So relativity of simultaneity is demonstrated in that the two different time-like lines that meet at event P have two different Minkowski-Orthogonal 3-dimensional hyper-planes associated with them. So to say event B is on the hyper-plane Minkowski-Orthogonal to the line $$\vec{x} = \vec{x}_P$$ at event P is to say event B is Σ-simultaneous with event P. But event B is not Σ'-simultaneous with P if $$\left( \vec{x}_B - \vec{x}_P \right) \cdot \vec{v} \neq 0$$. (Here we use the usual 3-dimensional dot-product.) This follows from the Lorentz transform:
Given: $$t_B = t_P$$ and $$\left( \vec{x}_B - \vec{x}_P \right) \cdot \vec{v} \neq 0$$, it follows that t' coordinate associated with event B is $$t'_B = \gamma \left( t_B - \frac{\vec{x}_B \cdot \vec{v}}{c^2} \right) = \gamma \left( t_P - \frac{\vec{x}_P \cdot \vec{v}}{c^2} - \frac{ \left( \vec{x}_B - \vec{x}_P \right) \cdot \vec{v}}{c^2} \right) = t'_P - \frac{\gamma}{c^2} \left( \vec{x}_B - \vec{x}_P \right) \cdot \vec{v} \neq t'_P$$.
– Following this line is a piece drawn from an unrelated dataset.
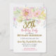 A gorgeous pink watercolor rose birthday party invitation. This fabulous invitation features a soft pink floral rose design on a gold confetti background. Easy to personalise with your own 80th (or any age) birthday party celebration details.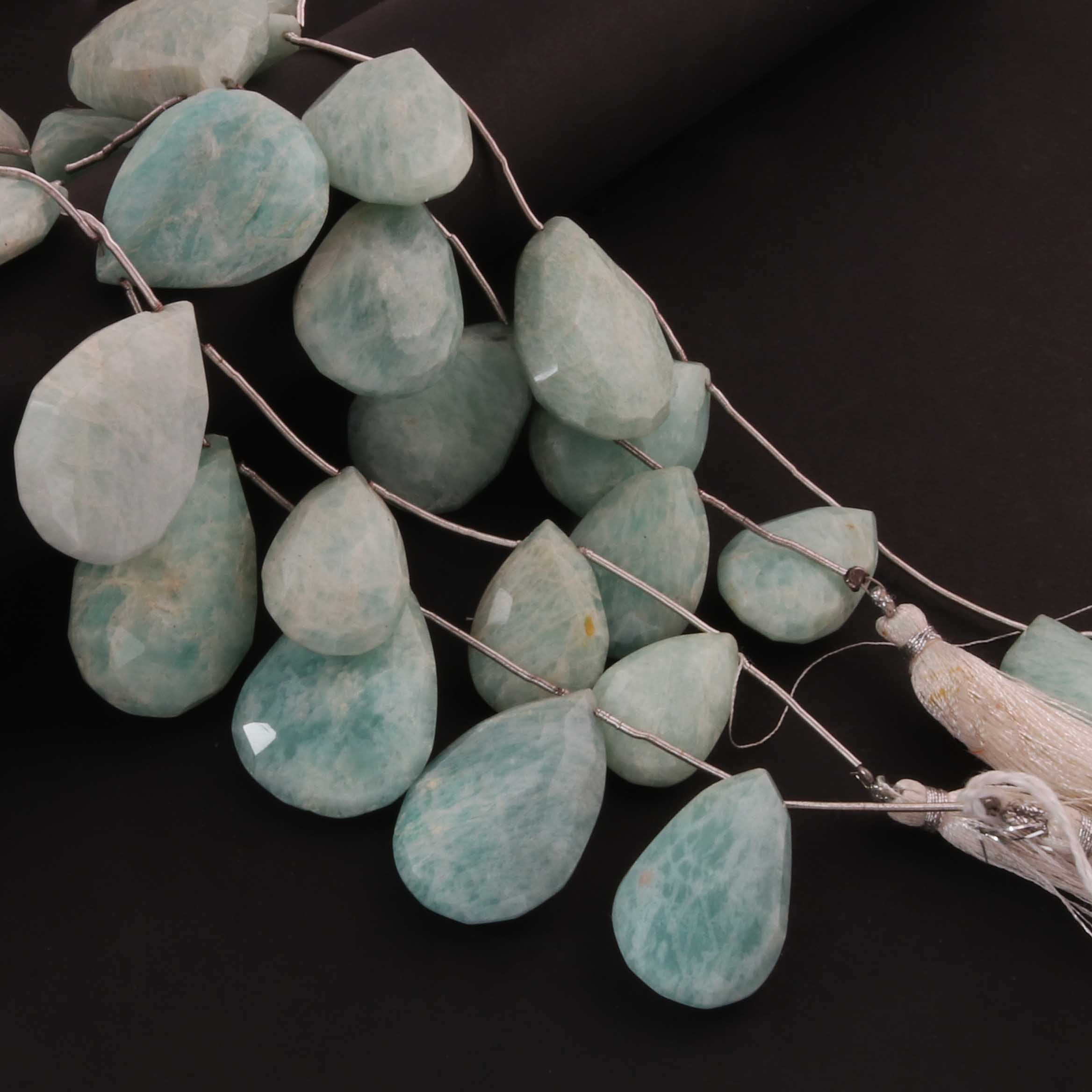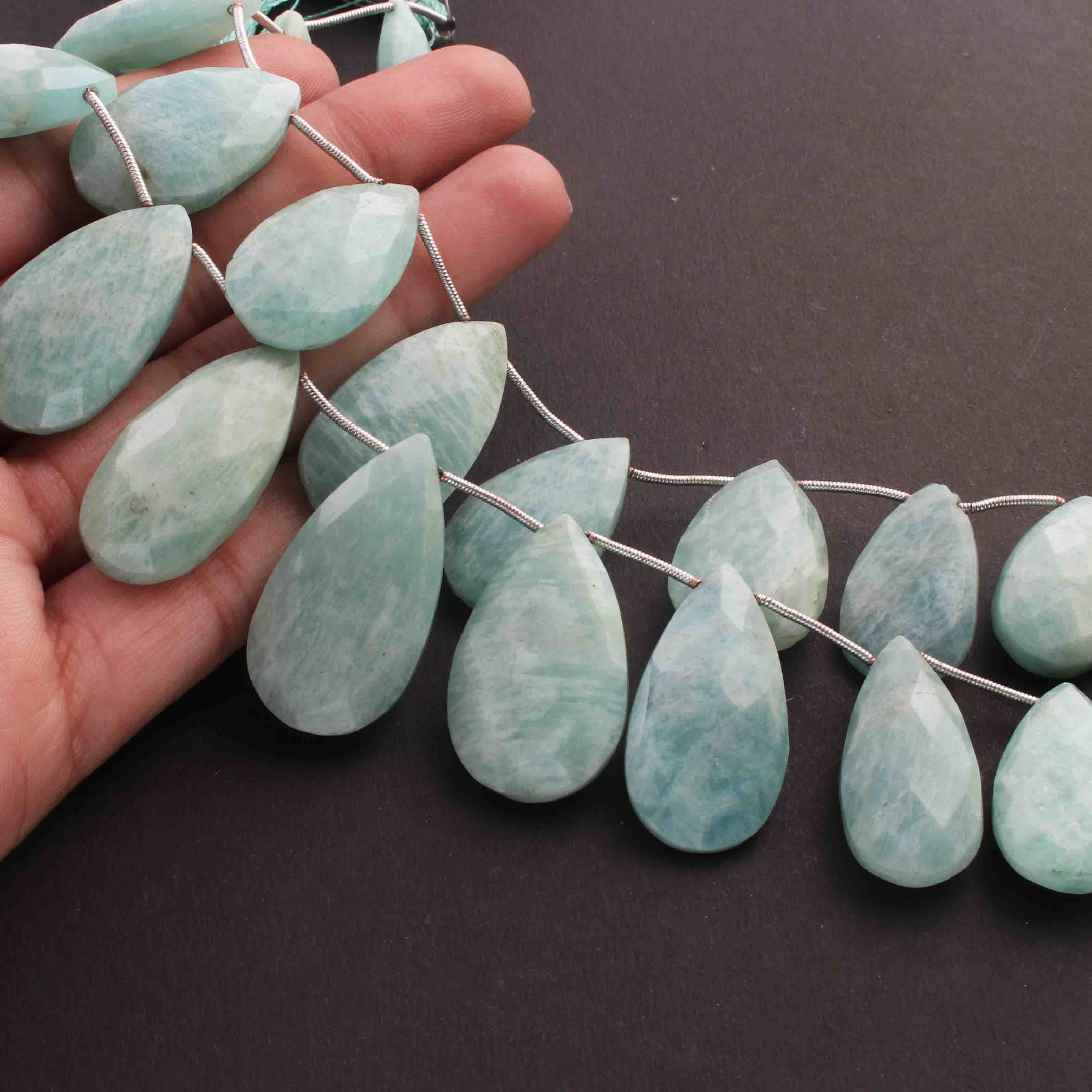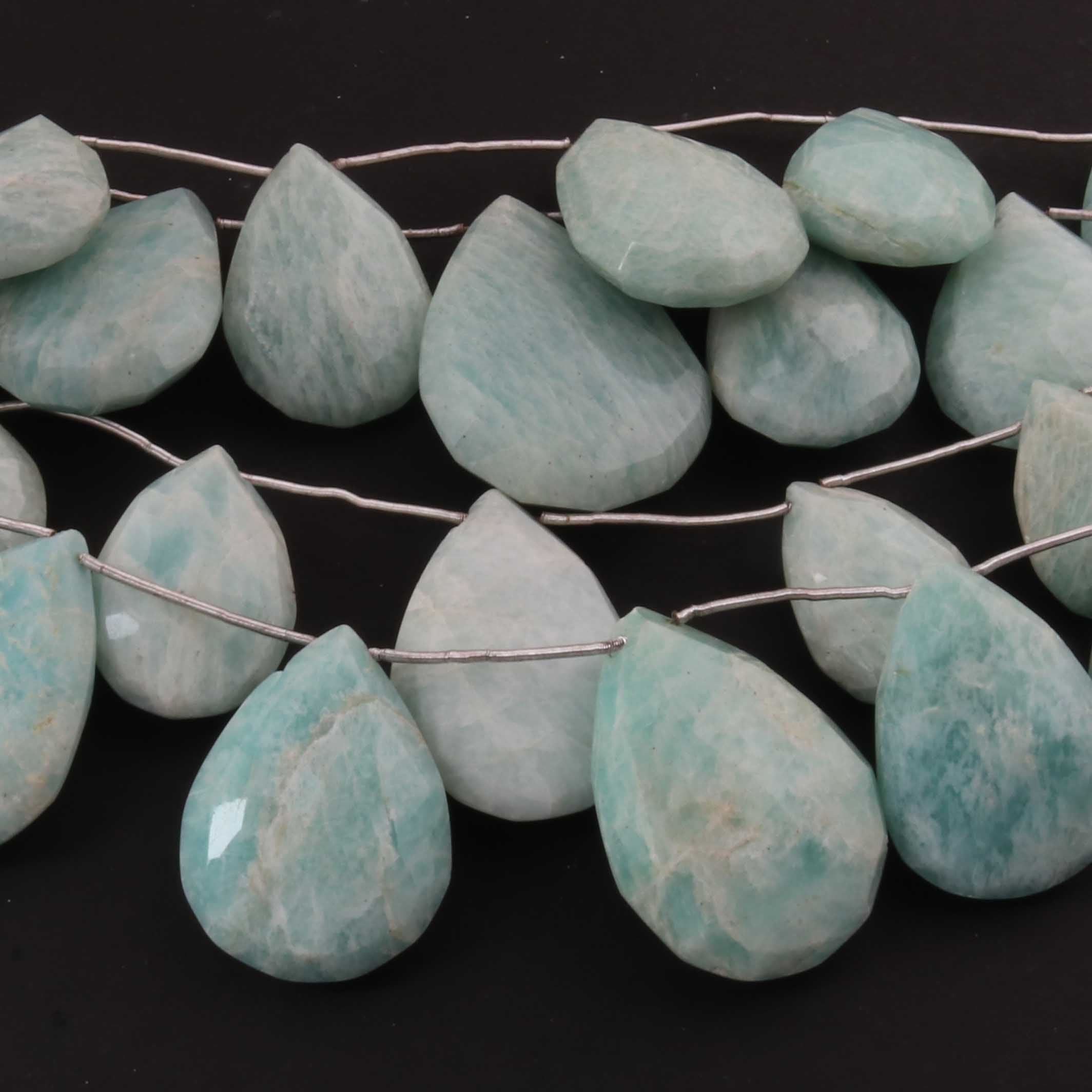 1 Strand Amazonite Faceted Briolettes - Pear Shape Briolettes -21mmx14mm-25mmx10mm - 7.5 Inches03345

http://en.wikipedia.org/wiki/Lorentz_transformation#Boost_in_any_direction
Since the generic event B proves the two space-like hyper-planes $$t = t_P$$ and $$t' = t'_P$$ are not identical, the non-equivalence of the hyper-planes is a geometrical truth about space-time, independent of coordinates. As each hyper-plane constitutes a locus of all frame-simultaneous events, non-equivalence of hyper-planes demonstrates relativity of simultaneity. And thus the only thing concretely used was the event P and the two different standards of rest of frames Σ and Σ'.